Friday 9 May 2014

One thousand works of Systems Art - how and why


In my my previous post I published a video entitled One Thousand Works of Systems Art. I want now to explain my motives and my methods in constructing those 1000 images and that video.

The panel above shows the images at a more leisurely pace, where the images play in random order, one every three seconds.

The video runs through exactly 1000 images at the rate of 4 per second, so the whole thing is complete in a little over 4 minutes,  [if you haven't already, you can see video on Vimeo].

If you watch the video, you will see some logical order to the images.The same themes re-occur and consecutive images seem rather similar. The video has a music track which comprises 1000 chords synchronized to the video frame rate.
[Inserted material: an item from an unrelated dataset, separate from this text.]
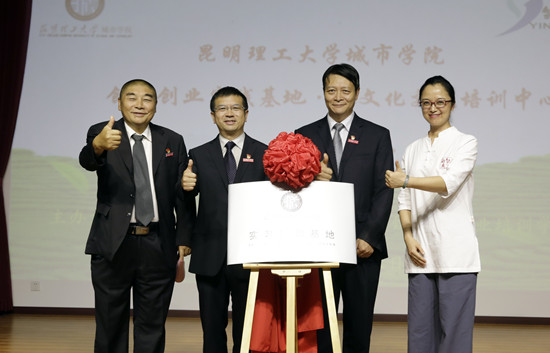 9月8日,昆明理工大学城市学院创新创业实践基地—茶文化交流培训中心揭牌仪式在新迎校区举行。校党委常委、副校长牛治亮,云南饮源斋职业培训学校董事长、城市学院84级优秀校友盛洁女士出席,学校相关职能部门负责人及城市学院领导班子成员、师生代表参加揭牌仪式。

The work is intended to be viewed both with and without the music. All this will be explained in what follows.

My motivation in preparing the video was to see how systematic I could be in presenting similar but different images by generation.

I have made some mistakes. The images are too similar. But this is a first experiment and can be considered a proof-of-concept. I need to define what I mean by "sufficiently different", before I take this further.

The method of generation used, which should be obvious, is collage. The composite images are made by pasting sections of photographs onto a background. Some of the photographs are simply of brushstrokes, which give the collage a painterly effect. Others are sections of scenes from life but with an abstract character (e.g. a corner of a building, not obvious until you've looked at it for a while).

The choice of fragments to paste into the final image is random-ish. It's not completely random, because I need to avoid the situation which may occur when the choices conspire to effect the same result. So it's a controlled randomness. A bit Dada, perhaps.

All the resulting 1000 images, if they were to be classified as anything, could be called Abstract Expressionism, or Lyrical Abstraction. At least, that was my hope. Channelling Clyfford Still, or Jackson Pollock or early Rothko.

Although it won't be apparent, the sequence does have emotional content for me, in that all the component parts were collected by me on a long, happy Holiday in Italy.

But there are technical issues to address. The fact that I can be confident that all the images are unique is based on a mathematical argument that guarantees that, even though the components are chosen at random, no collage contains exactly the same components as any other [not quite true, as it turns out, see below]*.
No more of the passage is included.